The reading group will meet this Friday (30th October) at 1pm. We're going to read another paper on analyzing data along stream networks, this time from an ecological perspective, by Bruce Chessman. Bruce is interested in conservation of freshwater species and human impacts on fresh waters.
We will be reading a paper from Journal of Applied Ecology titled "Do protected areas benefit freshwater species?A broad-scale assessment for fish in Australia’sMurray–Darling Basin"
The first question was "what is a Poisson test"! This is a term the average statistician doesn't use, but from memory (going back to a thrid year ecology assignment) I think it is where you have a bunch of counts and you test for difference in means across counts using a Pearson stat (sum (O-E)^2/E) which I think is called Poisson because this can be understood as saying the variance of a count is its mean, E. This depends critically on the assumption of independence of each unit being counted (in this case, I think species pres/absence in protect/unprotect).

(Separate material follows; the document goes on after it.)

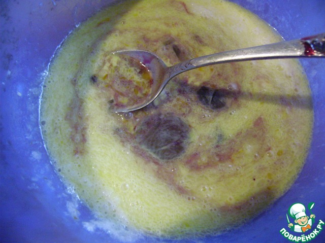 Варенье берем такое, чтобы тесто приобрело серый цвет.
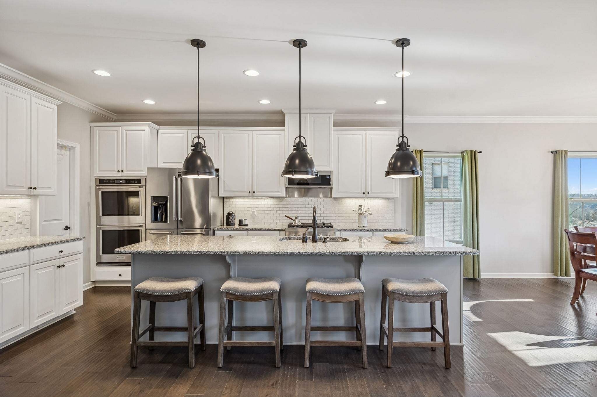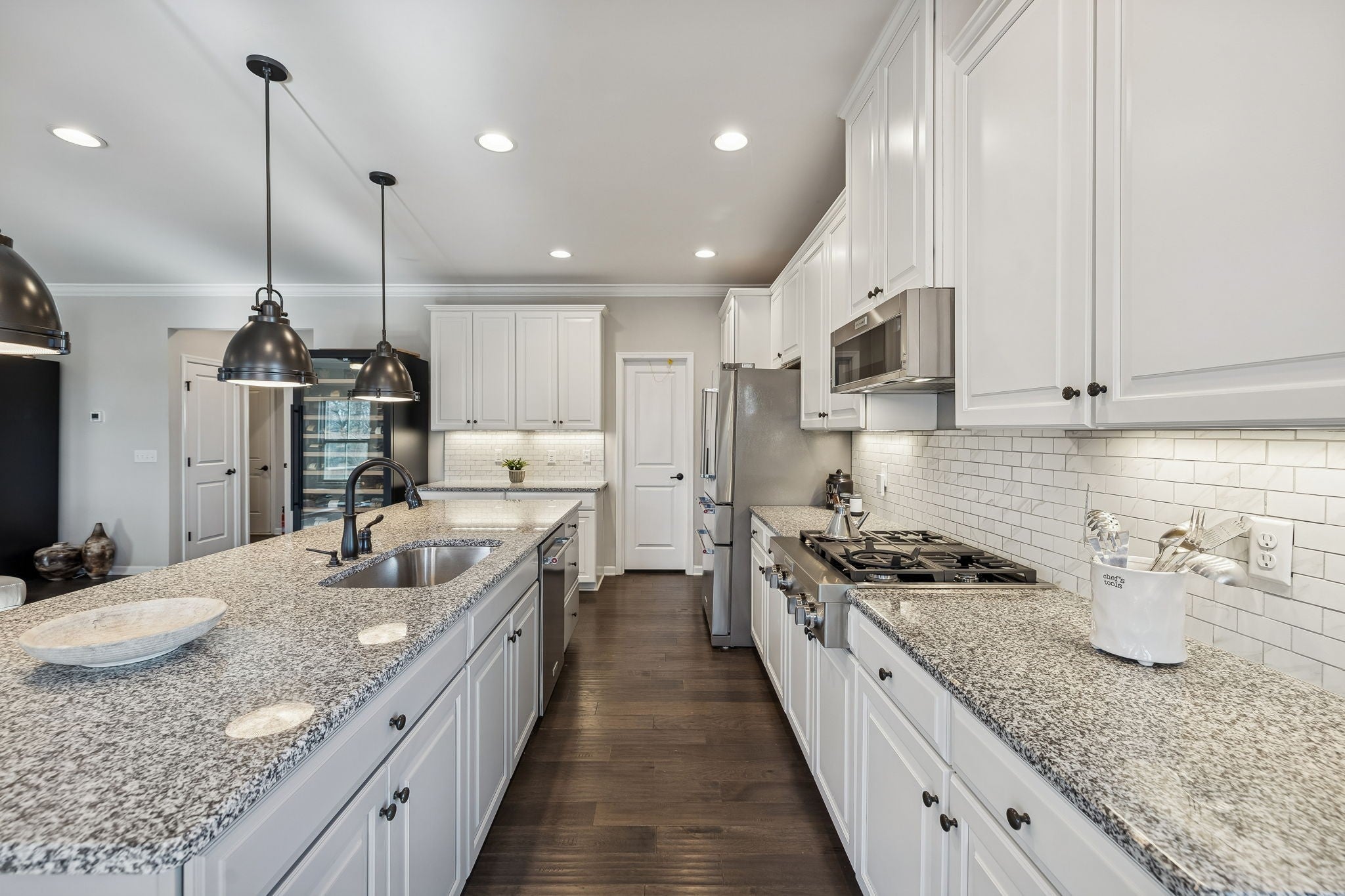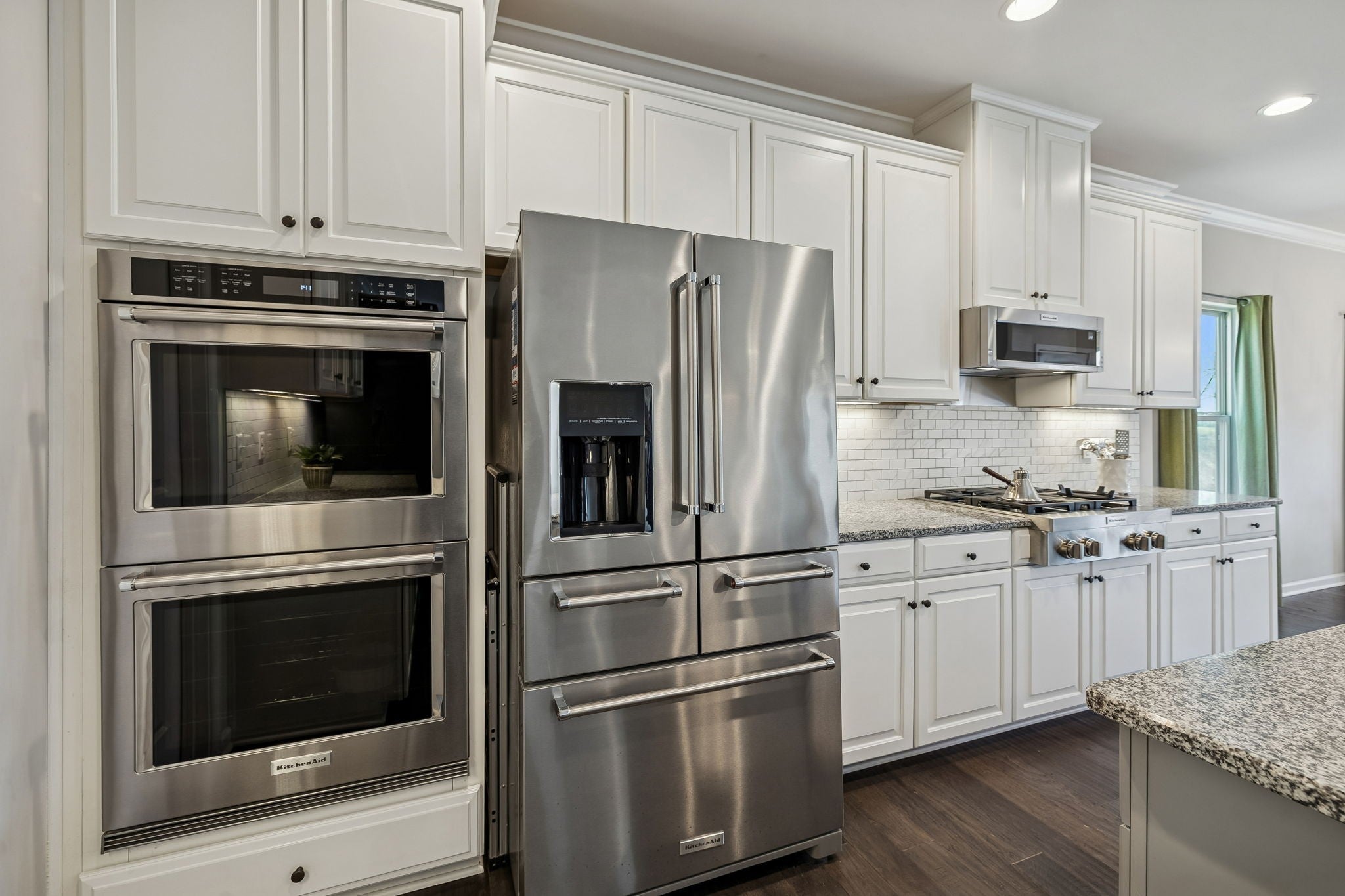 - Double Oven, Built-In Gas Range, Dishwasher, Disposal, Microwave, Refrigerator, Stainless Steel Appliance(s)

ReplyDeleteWe also discussed the propensity scoring thing - it can more-or-less be described as trying impose some balance in a highly unbalanced setting by kicking out observations to get towards something more balanced. By "balanced" we mean trying to get protected and unprotected sites covering a similar range of environments, by matching pairs of sites with similar environments and kicing out any value without a matching pair. But most sites didn't have a match so this lost a lot of info. This seemed like a key idea of the paper, and a fairly original one (? in an applied ecology context) - how to compare protected and unprotected areas controlling for the substantial differences in environments.
One question was why not include the environmental variables as covariates in the analysis - probably because when the envrionments differ so much, results will be sensitive to misspecification of the model for response (abundance, richness) as a function of covariates. But after matching you could still include these covariates, matching should have largely resolved this.
Is protection a binary variable or are there different levels of protection that could be included in the model? Should time be in the model, if different samples were taken at quite different times of year?
Abundances are often highly overdispersed - that might have been one of the problems here, we have a quite variable response, so a big sample size is needed? Any water quality data to feed into the model?
How could this connect with the stream network spatial stats paper last week - would it help to get a better answer if we account for (stream-based) spatial correlation?